# weather shooting?



## ghostman (Dec 11, 2014)

have any of you tried shooting your weapons in various weather conditions such as high heat, humidity, cold, rain, snow, sleet to see how your weapon holds out and if so what were the affects?


----------



## Slippy (Nov 14, 2013)

Yes and no noticeable affect for any of my weapons. But then again I live and shoot primarily in the Southeastern US. While our summers are humid and hot, Temps regularly in the mid to high 90's...our winters rarely see too many days below 20 F. Regardless of winter or summer, the humidity is what will get me to stop shooting and call it a day, not the failure of the weapon. Even though our winter temps are not very cold compared to most of the Northern US, a 35 or 40 F temp and 70-90% humidity is brutal.


----------



## Camel923 (Aug 13, 2014)

Steam with cold and a hot barrel. I do not shoot long distances but I know that weather is a factor in long range accuracy. I haven't tried torture testing with mud and such. A metal stock can be problematic in extreme heat, sun or cold.


----------



## 8301 (Nov 29, 2014)

Yea and I learned that I can't see a damn thing in the rain wearing glasses. Gun went bang every time and no neighbors complained about holes in their barns so I guess it all was fine.


----------



## kevincali (Nov 15, 2012)

Guns are too expensive here in commiefornia to take out into adverse conditions.


----------



## 8301 (Nov 29, 2014)

If it can't take a little weather you shouldn't depend on or purchase it.

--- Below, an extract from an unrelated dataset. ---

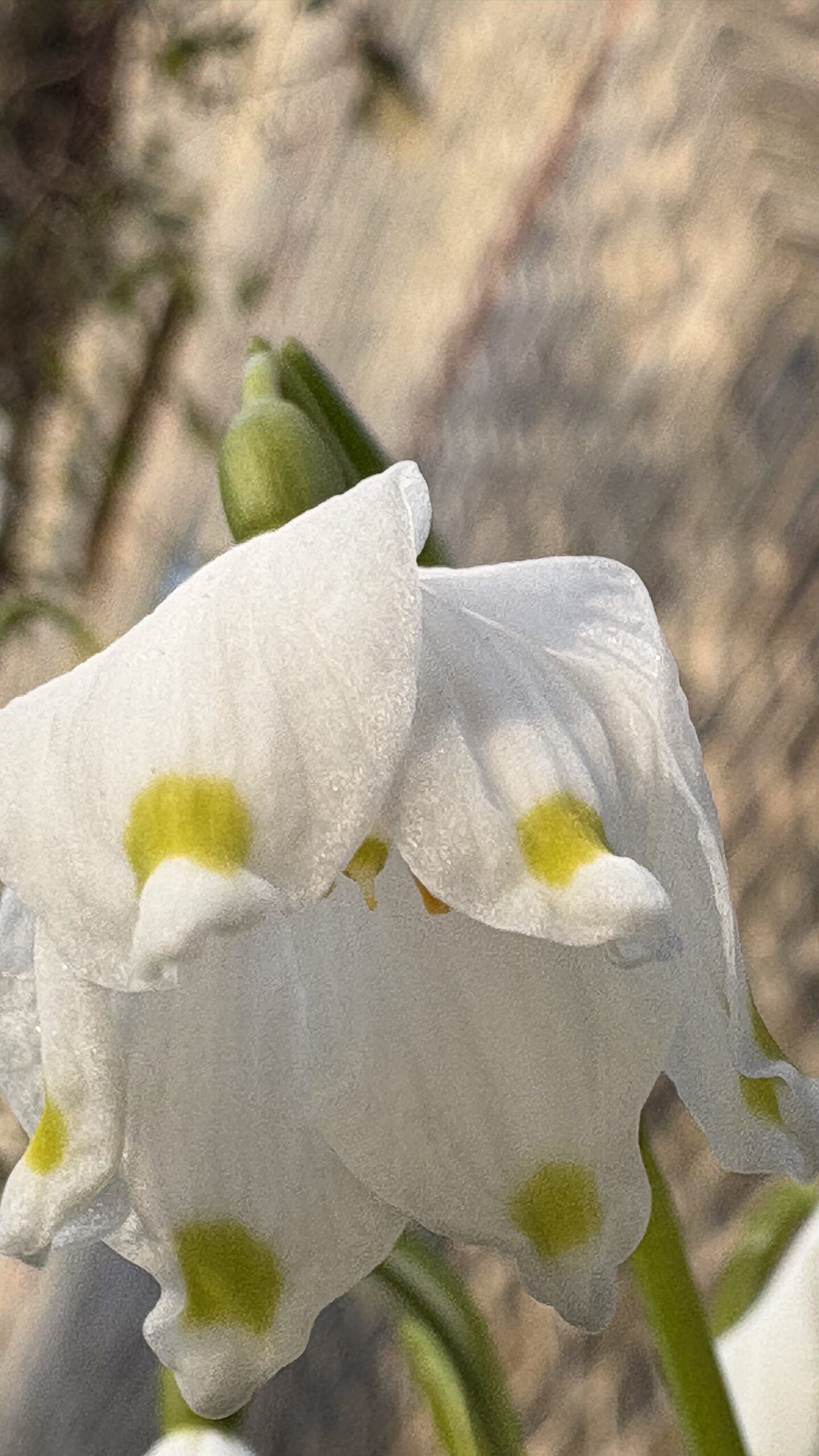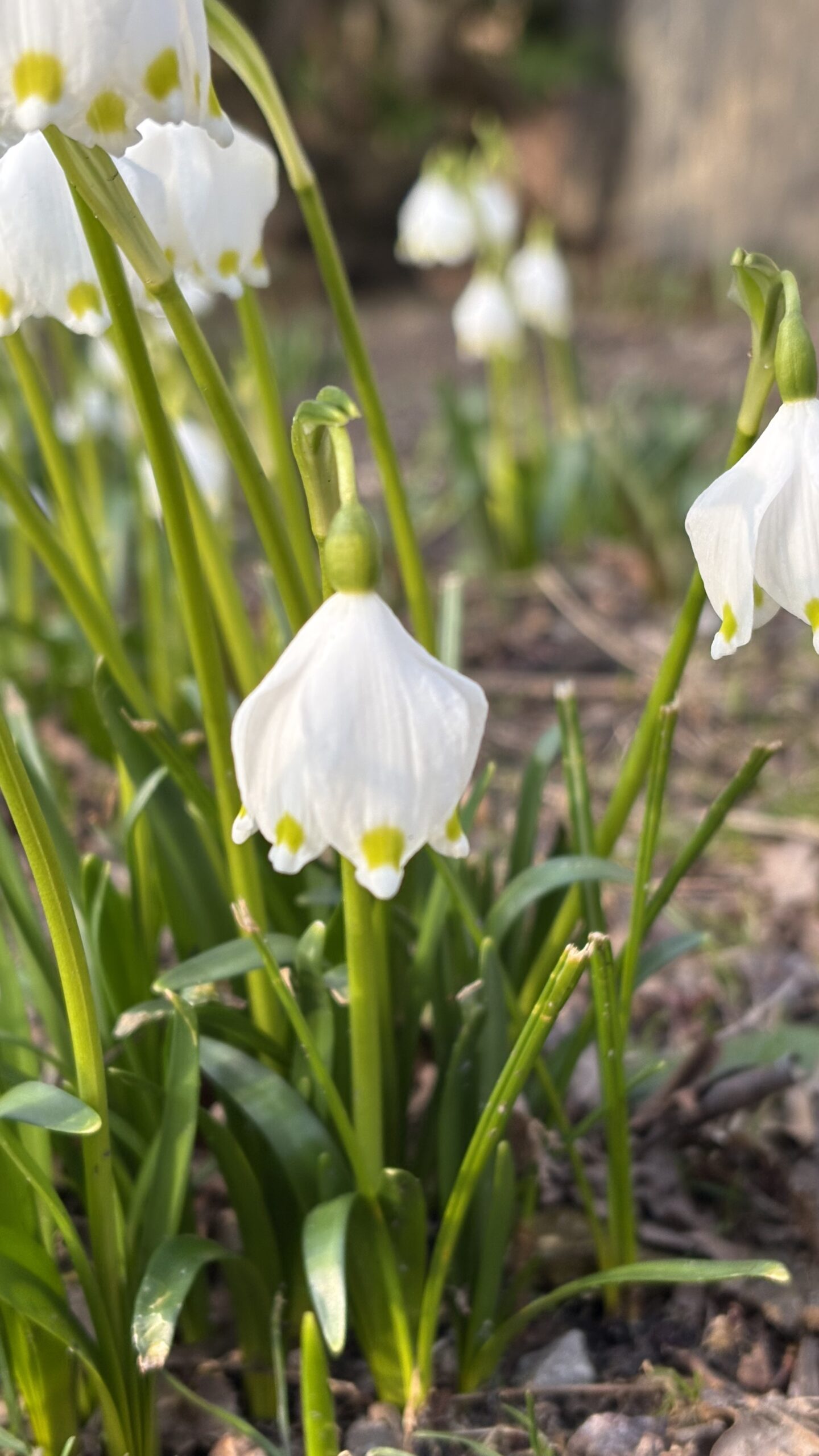 Vårblommande lökväxt med äkta lökar, växer sig till 20-30 cm hög. Blommar i mars-april med breda nickande och klocklika snövita blommor med sex lika stora kalkblad. Alla kalkblad med grön fläck vid basen (sinusmärke). Insänkt fruktämne. Kommer från C Ö S Europa.

A gun in regular use will see a little weather.


----------



## redhawk (May 7, 2014)

Yes I have and I still do on a regular basis...I believe in training with a gun in all kinds of conditions and different scenarios...I try to be prepared for all kinds of conditions and problems...JM2C


----------



## Smitty901 (Nov 16, 2012)

Extreme cold we cut back on lube a bit , 20 below we used a light lube . M9's were kept close to the body . Heat we wore gloves ,yes a weapon can burn you if it hot enough or make it hard to hold. The effects of seeing heat distortion made sighting hard some times but you do adjust to it. Clay dust we lubed light and wipe down work the action to ensure it was free. Sand we just wiped it off. Rain lube and go long as it had CLP on it the weapon would be fine dry it when you get back. Mud we scarped off kept dust covers closed when ever possible in all conditions.
Shooting in rain sucks hard to shoot well but it works the same way fore both sides. The worst was blowing clay dust in high winds of course you could not see anything to shoot anyway.


----------



## AquaHull (Jun 10, 2012)

Mine have all worked well this past winter and it's been one of the coldest on record.Summer is usually 90 F so that not an issue but the lube attracts sand like a magnet attracts steel.


----------



## ARDon (Feb 27, 2015)

I shoot longrange and have a few custom built rifle for this application. Cold weather temps have a significant effect on muzzle velocity. This is why longrange shooter select powders that is known for its consistency in temperature extremes. We are looking for the same velocity and point of impact on our targets whether we are shooting in 92 degress or 12 degree's as of todays weather in Arkansas. Barrel size would matter, a thin tapered stock barrel will be affected more so than your heavier barrels which is called "barrel harmonics." This is why I and others perfer heavier barrels on our longrange rifles. In hunts where my weather conditions are colder I like to keep my ammo warm, and a wool sock wrapped around the action. Their is so many variables when shooting, BC, temperature what the topic is about, trajectory, load data, barrel temperature, ammunition temperature, humidity, elevation and barometric pressure, wind, light, coriolis effect and lastly the shooter behind the stock.... is his attitude in check of what he should be doing. All this has an effect on what your trying to accomplish.


----------



## csi-tech (Apr 13, 2013)

They intentionally made me crawl around in briar patches in varying weather conditions. The only one that had a negligible effect was severe cold. When I hunt in the coldest we can dish out down here (zeroish) scope fogging is an issue and you have to remember your cold zero.


----------



## Seneca (Nov 16, 2012)

Freezing rain can make for an interesting experience.


----------



## AquaHull (Jun 10, 2012)

csi-tech said:


> They intentionally made me crawl around in briar patches in varying weather conditions. The only one that had a negligible effect was severe cold. When I hunt in the coldest we can dish out down here (zeroish) scope fogging is an issue and you have to remember your cold zero.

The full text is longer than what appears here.